Client communication – The final, and most difficult part of this journey for firms is instilling in its people that continual discussion of scoping and costs with clients during a matter is a key part of the service experience.
In our experience many firms are only part way through this journey, and we have seen much more work being undertaken in these areas in the 2026 financial year end.
However, it was apparent to us both through our own experience in the sector and through various national surveys, that the sector did see some small improvements in productivity (through People cost KPI reductions and small improvements in average chargeable hours in 2025). It is too early to say whether this has been because of the actions on the above issues in firms and 2026 results may start to explain the position further for us.
There is also evidence that firms have been adjusting their remote working policies with increasing numbers of firms requiring more office-based time to be delivered.
Is Law firm management only about productivity?
Another important dynamic is the ownership structure.
If we consider the profit generation model in law firms this is largely centred around – average chargeable hours, average rate charged, average recovery rate achieved and an allowance for overheads per £1 of revenue (let’s call this the size of the cake).
The other key element of the model is the gearing – that is the number of fee earning individuals per owner (let’s call this the number of slices).
In running a law firm, there are many levers that can be tweaked in terms of trying to improve the ‘size of the cake.' These mainly revolve around the general management of fee earners and client matters but the key issue here is that these tweaks are often across large volumes of people and clients and so sometimes only a very modest improvement can make a significant difference to the 'size of the cake.'
Conversely, where a firm’s gearing is concerned there are relatively few options or levers to improve a situation – for example if the gearing is too low (so too many Equity Partners / owners) given the size of the firm, in practical terms the main two options to improve this are:
Grow the size of the firm (without proportionately increasing Equity Owners) to remedy the position and / or
Reduce the number of Equity Partners / owners.

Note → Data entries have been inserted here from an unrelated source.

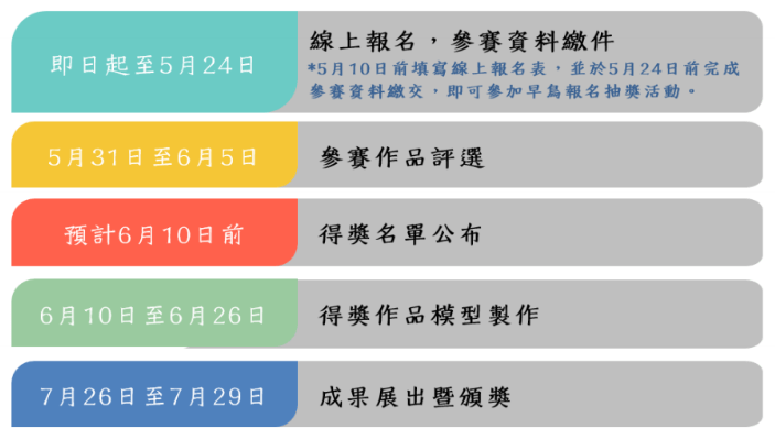 *早鳥(niǎo)報(bào)名抽獎(jiǎng)活動(dòng) | 于 108 年 5 月 10 日前至活動(dòng)官網(wǎng)填寫(xiě)在線(xiàn)報(bào)名表,并于 108 年 5 月 24 日前完成參賽資料繳交 (在線(xiàn)繳件,以及裱板與作品設(shè)計(jì)說(shuō)明寄送)之各主題前 30 名參賽者,將可參加早鳥(niǎo)報(bào)名抽獎(jiǎng)活動(dòng)。 | |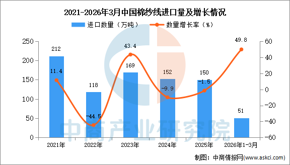 中商情报网讯:据中商产业研究院数据库显示,2025年中国棉纱线进口量150万吨,同比下降1.5%。最新数据显示,2026年1-3月中国棉纱线进口量51万吨,同比增长49.8%。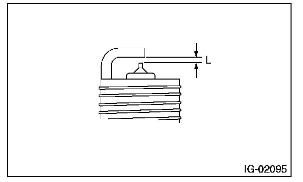 3. Using a nylon brush, etc., clean and remove the carbon or oxide deposits from the spark plug. If deposits are too stubborn, replace the spark plugs. After cleaning the spark plugs, check the spark plug gap "L" using a gap gauge. If it is not within the standard, replace the spark plug.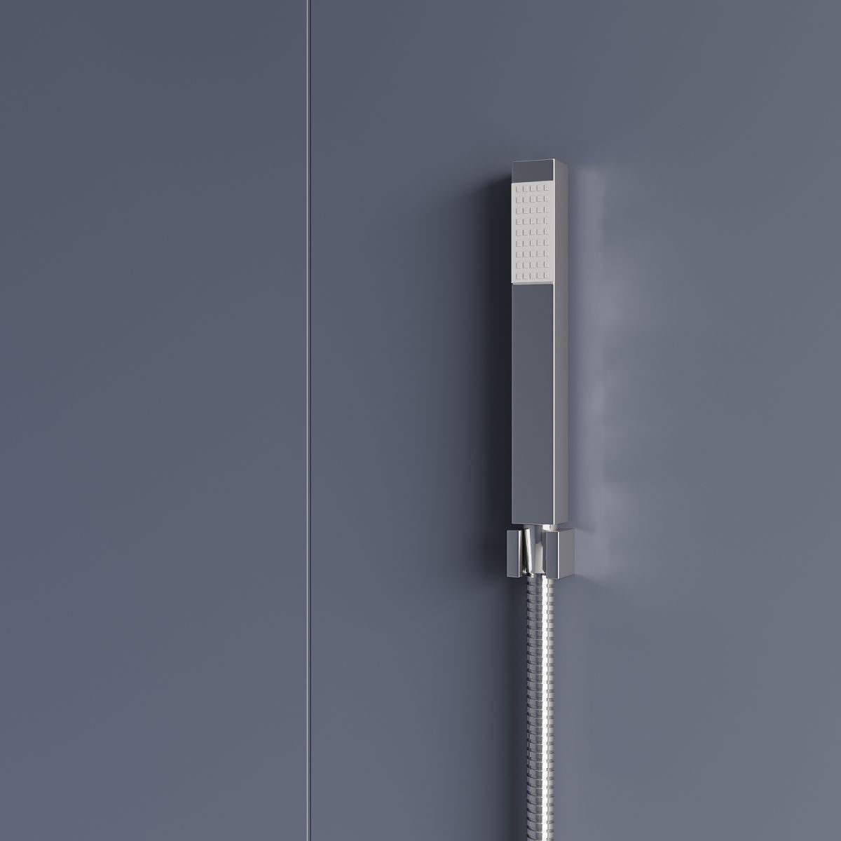 Преимущество встраиваемой системы заключается в том, что основная функциональная часть спрятана в стену, что позволяет значительно увеличить пространство в душевой зоне.

Both of course are difficult challenges, often less readily implemented than changes needed to ‘improve the size of the cake.’

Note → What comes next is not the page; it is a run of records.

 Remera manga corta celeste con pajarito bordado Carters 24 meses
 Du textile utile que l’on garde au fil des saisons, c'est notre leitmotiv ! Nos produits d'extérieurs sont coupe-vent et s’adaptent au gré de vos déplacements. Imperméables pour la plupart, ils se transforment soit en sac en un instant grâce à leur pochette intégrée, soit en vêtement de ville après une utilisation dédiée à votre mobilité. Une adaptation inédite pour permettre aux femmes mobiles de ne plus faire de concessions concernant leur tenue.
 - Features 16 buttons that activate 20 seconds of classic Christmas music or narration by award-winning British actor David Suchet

Considering People costs KPIs for instance will give evidence of the marginal profitability of a team – however understanding how many Equity owners that team needs to ‘feed’ in terms of PEP is also an important dynamic.
For example – a private client team with a strong People cost KPI of say 59% may look good at a margin level but if the gearing is only a poor result at 4.5 fee earners per owner, then the absolute profit contribution per Equity owner to the overall firm may still be poor.

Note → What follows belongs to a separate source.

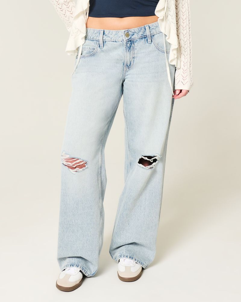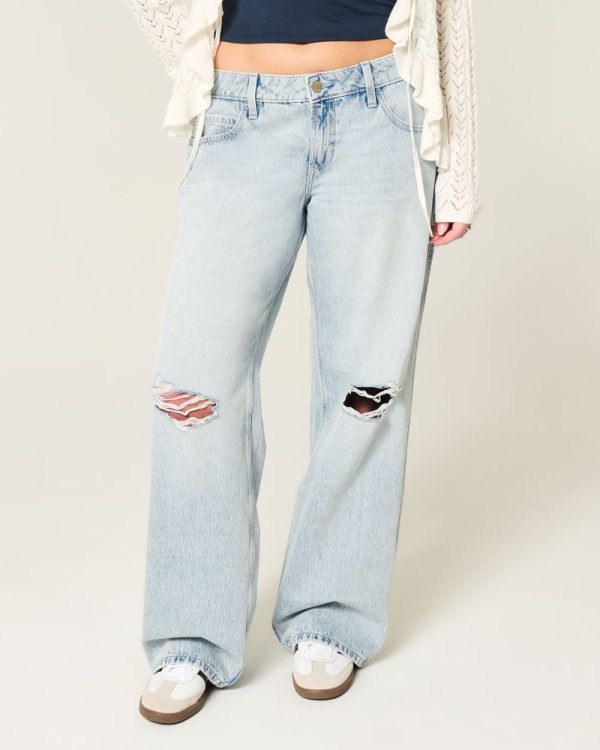 Women’s Low-Rise Ripped Light Wash Baggy Jeans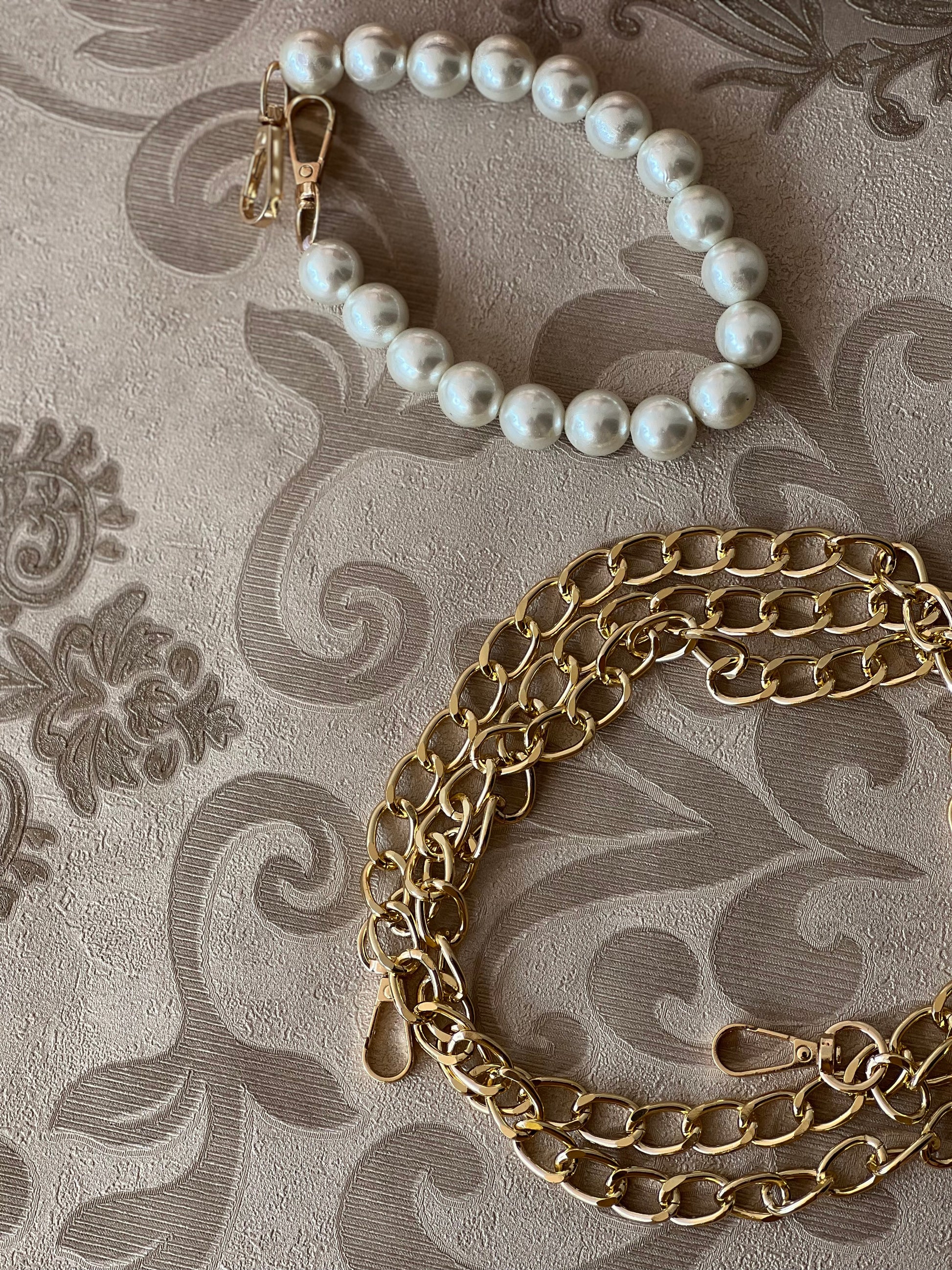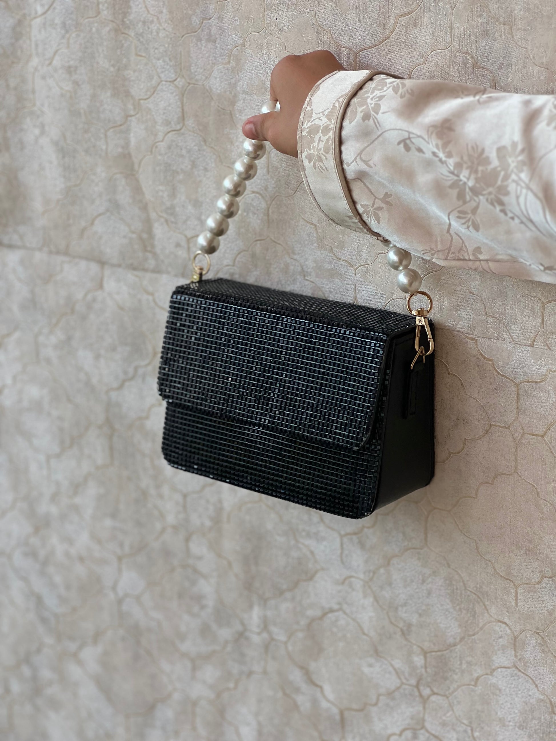 The combination of a detachable pearl handle, golden chain shoulder strap, shiny black finish, and rhinestones makes the Bling Sling Bag a truly unique and eye-catching accessory.

Conversely, perhaps a family and care team with a poor People cost KPI result of 67% might only have one Equity owner producing a gearing result of 8.5 fee earners per owner. Consequently, although the margin of the work is 'poor' the contribution to the Equity Partner profit pot is strong.
For the family team, the issue may be around managing the margin – so time capture, pricing, mix of skills, work delegation – matter management. In the private client team however, the issues are different – we may be looking at a longer-term strategy of simply reducing Equity owners, possibly simply on retirements or maybe through growth without proportionate increases in Equity owners.
Considering the actions we have seen across the legal sector we would be expecting firms, over the next few years, to be seeking to return their core profit margins to the longer-term average levels.